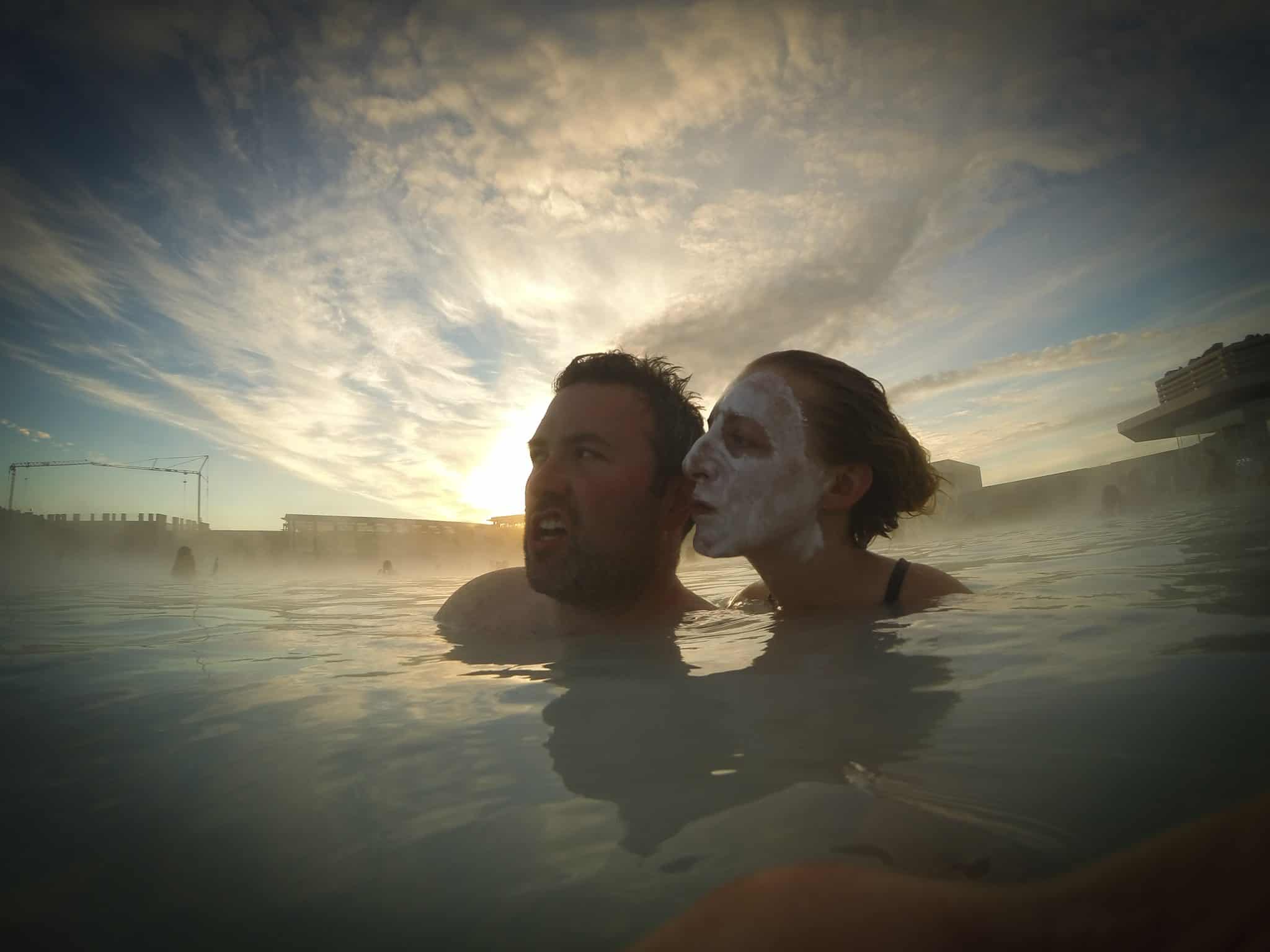 We chose this late time to avoid crowds and it was perfect. We watched the sun set as we relaxed in the natural hot spring. We took advantage of the sauna, steam room and had a smoothie and a glass of champagne without leaving the water at the outdoor bar. A great way to finish our stay!
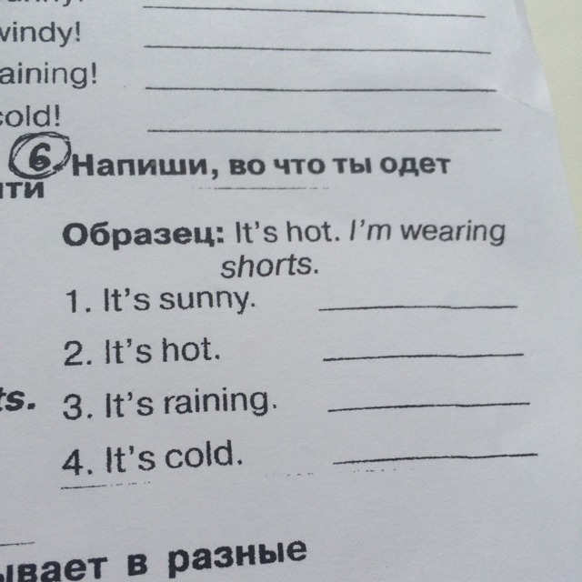 t's sunny. I'm wearing a hat.it's hot. I'm wearing shorts.it's raining I'm wearing a coat.it's cold in wearing a scarf.
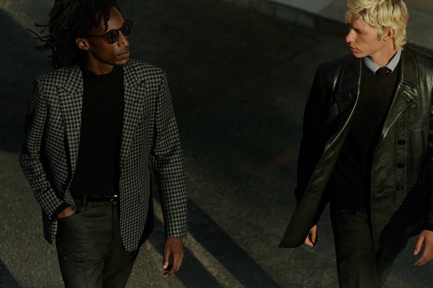 36 món đồ read to wear, ba đôi giày, ba chiếc cà vạt và một chiếc khăn quàng cổ, được dẫn dắt bởi phong cách mang tính biểu tượng của Tom Ford, được xác định bằng ngôn ngữ thiết kế đã được thiết lập của nhà thiết kế. Nổi bật bao gồm áo khoác da và áo khoác lông cừu màu đen, áo khoác bay cổ lông cừu, áo khoác tuxedo xoáy ảo giác, áo khoác kẻ sọc, bộ đồ thiết kế vi mô màu đen và trắng và áo dệt kim cổ cuộn bằng lụa mohair.
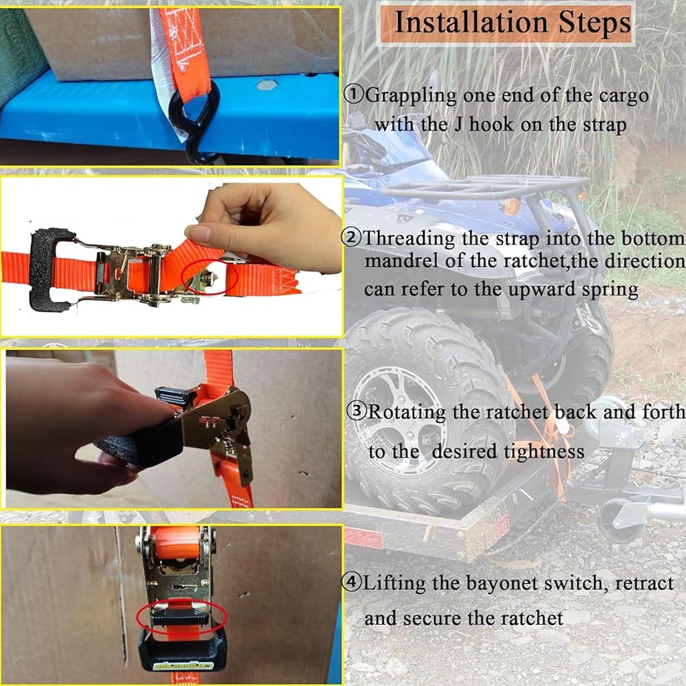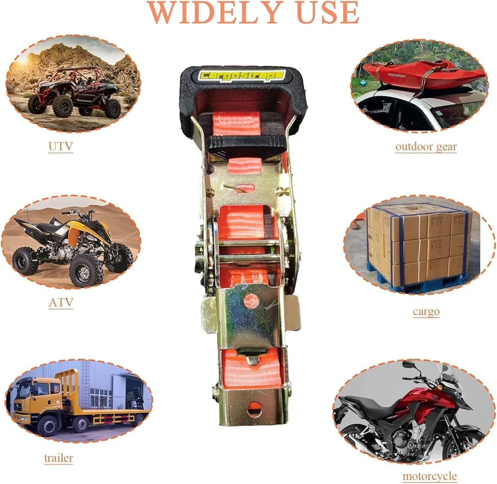 الاستخدام الشامل: توفر أحزمة السقاطة القابلة للسحب من QYMOTO المتانة والأمان لنقل الأشياء، مثل الدراجات النارية، والدراجة، وقوارب الكاياك، وUTV، والقوارب، وATV، والصناديق، والقوارب، والأثاث، والصناديق، ومعدات العشب، والبضائع وما إلى ذلك.

● EXERCISE:
What the answer needs is every line from the one containing "36 món đồ read" through the final line of the data above, copied exactly, without pictures.

● TASK RESPONSE:
 36 món đồ read to wear, ba đôi giày, ba chiếc cà vạt và một chiếc khăn quàng cổ, được dẫn dắt bởi phong cách mang tính biểu tượng của Tom Ford, được xác định bằng ngôn ngữ thiết kế đã được thiết lập của nhà thiết kế. Nổi bật bao gồm áo khoác da và áo khoác lông cừu màu đen, áo khoác bay cổ lông cừu, áo khoác tuxedo xoáy ảo giác, áo khoác kẻ sọc, bộ đồ thiết kế vi mô màu đen và trắng và áo dệt kim cổ cuộn bằng lụa mohair.
 الاستخدام الشامل: توفر أحزمة السقاطة القابلة للسحب من QYMOTO المتانة والأمان لنقل الأشياء، مثل الدراجات النارية، والدراجة، وقوارب الكاياك، وUTV، والقوارب، وATV، والصناديق، والقوارب، والأثاث، والصناديق، ومعدات العشب، والبضائع وما إلى ذلك.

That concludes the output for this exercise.